02/20/26

Best Tracing Tools for Go Backends in 2026

Compare instrumentation approaches and tracing backends for Go

14 Min Read

Setting up tracing in a Go backend means making two decisions that are easy to conflate: how you instrument your code to generate spans, and where you send those spans for storage and querying. Most comparison guides focus on the backend (Jaeger vs Datadog vs Honeycomb), but in practice it's the instrumentation side that determines whether your team ends up with traces that are useful for debugging or traces that show "something called something" with no context.

This guide covers both halves. We'll look at how each instrumentation approach works in Go, compare the major tracing backends, and help you pick the combination that fits your project.

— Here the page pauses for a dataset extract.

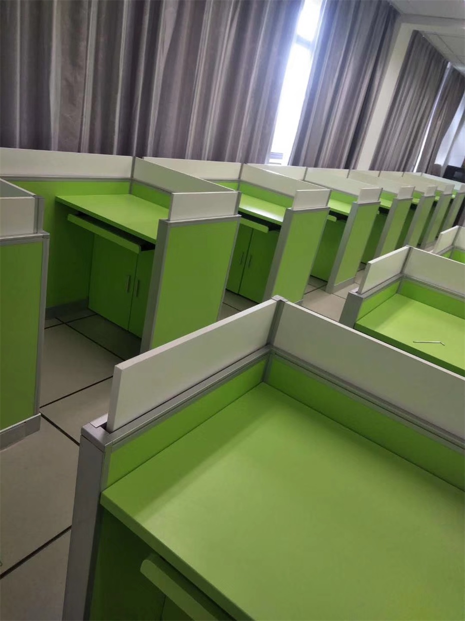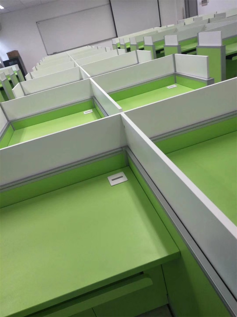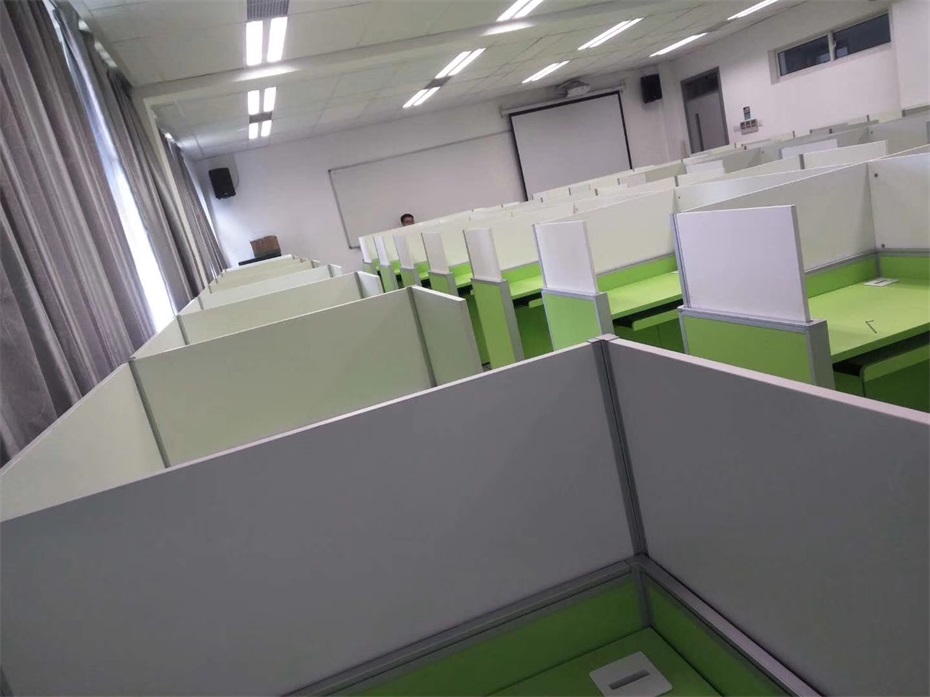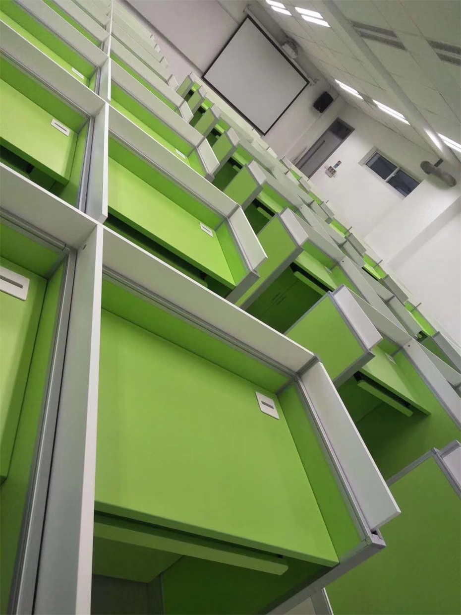 根據上海復旦大學附屬中學多媒體教室的使用需求,本次教室設計了一套采用智能升降屏風桌,每個座位都有可升降的屏風,考試時屏風升起后可有效的隔斷相鄰人的正常視線,防噪音效果,可達到互不干擾的作用,平時上課時屏風降下,和普通的教室無異,滿足一教室多用的需求。

We'll start with the manual approach using OpenTelemetry, then look at how modern frameworks can eliminate most of this work entirely.

The two halves of tracing

A trace records a request's path through your system. Each unit of work along the way becomes a span: an API call, a database query, a Pub/Sub message, a service-to-service call. Spans nest to show causality: this HTTP handler ran that SQL query, which was followed by that cache write.

To get traces, you need two things:

  1. Instrumentation: code that creates spans at the right points in your application. This is where the data comes from.
  2. A tracing backend: a system that collects, stores, and lets you query those spans. This is where you look at the data.

Most Go teams spend more time wrangling instrumentation than evaluating backends. The backend choice matters, but it's a more straightforward comparison. Instrumentation is where the real tradeoffs live.

Instrumentation approaches

OpenTelemetry Go SDK

OpenTelemetry (OTel) is the CNCF standard for vendor-neutral telemetry. It provides APIs and SDKs for traces, metrics, and logs across languages. In Go, the SDK integrates with context.Context for propagation, which makes it more natural than in languages without a first-class context mechanism. (For a full walkthrough, see our OpenTelemetry Go setup guide.)

A typical setup involves initializing a tracer provider with an OTLP exporter, a service name resource, and a batch span processor, pulling in packages from go.opentelemetry.io/otel, otel/sdk/trace, otel/exporters/otlp, otel/sdk/resource, and otel/semconv. Then you wrap your HTTP handlers with otelhttp:

import "go.opentelemetry.io/contrib/instrumentation/net/http/otelhttp" mux := http.NewServeMux() mux.HandleFunc("/orders", handleCreateOrder) handler := otelhttp.NewHandler(mux, "server") http.ListenAndServe(":8080", handler)

Database calls need their own wrapping. The otelsql package wraps database/sql drivers:

import "github.com/XSAM/otelsql" db, err := otelsql.Open("postgres", connStr, otelsql.WithAttributes(semconv.DBSystemPostgreSQL), )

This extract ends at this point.